Luckily with us all in place all we had to do was ease our lines out as the water drained.  This time it wasn’t so dramatic, we just slid lower and lower down the walls, through the first set, then a small motor and then 2 more chambers.  Watching doors that had been built to do this 100 years before and seeing those hundreds of people disappearing from view as the Pacific grew closer was amazing.  To Paul’s cry of “We’re sinking” we finally were once again at sea level and the doors opened and that was that, we were in the Pacific. 

I can’t even begin to describe how lucky we were to find the boys that came on our trip, Norberto, Mike and Paul, our advisors, everyone made it a really fun trip, and to think we almost didn’t make it because we were one line handler short!  To make friends with good people and to see something altogether that none of us had ever experienced, it was amazing.

The pilot finally got off, on to his weekend of getting his children ready for school and we motored around the corner and kind of forgot we were in an ocean. We had been so neatly tucked in harbours and lakes that when the first waves hit it was a surprise!  It was quite windy (we realized later that is a typical afternoon thing) as we rounded the corner and finally we were in our little bay, Las Bresas, with tonnes of other boats bobbing along.  Good anchoring and we even saw Pers and Allan (from Enjoy) our friends from Dominica and Colon. 

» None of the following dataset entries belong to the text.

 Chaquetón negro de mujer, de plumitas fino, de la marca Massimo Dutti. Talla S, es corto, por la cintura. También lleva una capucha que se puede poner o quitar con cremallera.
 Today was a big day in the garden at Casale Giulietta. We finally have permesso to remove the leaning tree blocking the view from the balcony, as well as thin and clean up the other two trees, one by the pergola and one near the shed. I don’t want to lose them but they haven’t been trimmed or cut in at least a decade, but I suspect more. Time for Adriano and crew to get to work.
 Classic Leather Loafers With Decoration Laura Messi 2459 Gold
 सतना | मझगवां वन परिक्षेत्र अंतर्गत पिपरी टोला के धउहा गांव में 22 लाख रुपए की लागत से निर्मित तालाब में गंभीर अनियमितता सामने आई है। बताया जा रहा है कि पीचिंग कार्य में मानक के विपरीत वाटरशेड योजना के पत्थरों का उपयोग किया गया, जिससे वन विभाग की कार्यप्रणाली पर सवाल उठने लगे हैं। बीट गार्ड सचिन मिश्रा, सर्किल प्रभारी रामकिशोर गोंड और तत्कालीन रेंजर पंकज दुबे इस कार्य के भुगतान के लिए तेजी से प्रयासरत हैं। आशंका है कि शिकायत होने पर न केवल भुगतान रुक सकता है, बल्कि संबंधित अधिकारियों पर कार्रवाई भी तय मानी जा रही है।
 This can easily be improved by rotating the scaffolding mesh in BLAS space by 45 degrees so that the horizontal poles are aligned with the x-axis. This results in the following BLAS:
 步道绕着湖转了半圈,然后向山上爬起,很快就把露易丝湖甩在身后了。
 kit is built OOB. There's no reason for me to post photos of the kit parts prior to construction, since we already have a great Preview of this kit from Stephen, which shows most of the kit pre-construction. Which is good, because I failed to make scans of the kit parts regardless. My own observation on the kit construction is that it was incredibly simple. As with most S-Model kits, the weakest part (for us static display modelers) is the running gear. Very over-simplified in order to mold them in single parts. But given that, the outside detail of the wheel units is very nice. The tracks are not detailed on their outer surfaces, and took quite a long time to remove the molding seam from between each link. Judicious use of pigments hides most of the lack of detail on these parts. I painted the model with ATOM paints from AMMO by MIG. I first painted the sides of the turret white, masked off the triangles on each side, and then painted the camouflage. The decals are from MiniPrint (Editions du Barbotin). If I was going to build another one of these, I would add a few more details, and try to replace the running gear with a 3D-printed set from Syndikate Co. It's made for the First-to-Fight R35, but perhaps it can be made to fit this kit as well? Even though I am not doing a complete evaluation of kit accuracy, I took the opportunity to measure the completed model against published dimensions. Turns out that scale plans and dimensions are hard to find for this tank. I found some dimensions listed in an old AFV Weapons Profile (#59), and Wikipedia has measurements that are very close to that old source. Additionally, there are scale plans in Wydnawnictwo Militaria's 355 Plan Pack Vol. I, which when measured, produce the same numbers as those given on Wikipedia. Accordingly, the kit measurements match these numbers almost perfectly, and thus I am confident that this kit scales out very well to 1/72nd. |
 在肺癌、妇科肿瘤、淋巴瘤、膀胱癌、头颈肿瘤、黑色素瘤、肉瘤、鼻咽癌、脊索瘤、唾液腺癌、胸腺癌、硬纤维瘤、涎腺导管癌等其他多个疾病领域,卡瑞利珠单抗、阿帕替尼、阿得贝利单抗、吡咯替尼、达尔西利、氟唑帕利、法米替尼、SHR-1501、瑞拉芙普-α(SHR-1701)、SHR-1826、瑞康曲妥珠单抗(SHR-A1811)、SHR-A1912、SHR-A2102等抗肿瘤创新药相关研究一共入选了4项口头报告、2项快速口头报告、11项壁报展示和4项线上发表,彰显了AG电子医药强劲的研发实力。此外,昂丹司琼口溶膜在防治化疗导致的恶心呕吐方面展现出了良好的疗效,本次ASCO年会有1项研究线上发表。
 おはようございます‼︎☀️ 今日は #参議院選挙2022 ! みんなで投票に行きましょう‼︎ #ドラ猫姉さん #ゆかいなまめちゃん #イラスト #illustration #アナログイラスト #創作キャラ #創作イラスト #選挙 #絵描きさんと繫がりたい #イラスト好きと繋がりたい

With that our transit was done, Mike and Paul headed off to their hotel with an offer to come over and go out for dinner, which we gladly accepted and Norberto and I had a swim in the Pacific.  Not the cleanest water here, but after being covered in sweat, dirt, slime and sunscreen for 2 days it was so nice to cool off, and man was the water cold!  Amazing, we are so close to the Atlantic but it is a completely different ocean, it is still hard to get my head around.  After getting a bit more presentable (Phil even put on his proper shoes) we headed to the Marriot.  If seeing the Pacific took my breath away, going into a lovely hotel stopped me breathing for at least 10 minutes.  So much bigger than our boat!  We were in a city.  It was overwhelming. 

We headed up to Paul and Mike’s room and then Paul did the kindest thing that I think has ever happened to me, he offered me a shower.  All the hot water I could use, a plush towel, delicious soap.  I have never felt so pampered in my life.  I think not having those things for so long made me appreciate them all the more.  It really was the best shower of my life!  I had told him earlier how much I missed having a bath and he asked me why I had a shower instead, I had to guiltily reply that if I had had a bath I would never have gotten out!  And so squeaky clean me and the boys headed off to dinner at a fancy Italian restaurant.  It really is one of those nights where everything is soft around the corners, drunk with the feeling that we had finally made it to the pacific.  The tangles out of my hair and dirt out of my skin, delicious pasta with mushrooms (which we can never find in shops) and a delicious bottle of Argentinian wine (a red wine, served cold, a bit strange but still).  It was a night none of us wanted to end, even though we were all exhausted.  We stopped for another beer outside of the hotel and sat laughing and enjoying (it was even worth a second cigar for some, 2 oceans in 2 days and incredible reality).  To be surrounded by friends that I hadn’t met 2 days earlier, sitting beside Phil, in the midst of a big city and knowing that one of the biggest hurdles I was afraid of was behind us, I can’t describe it.  It was a magical night.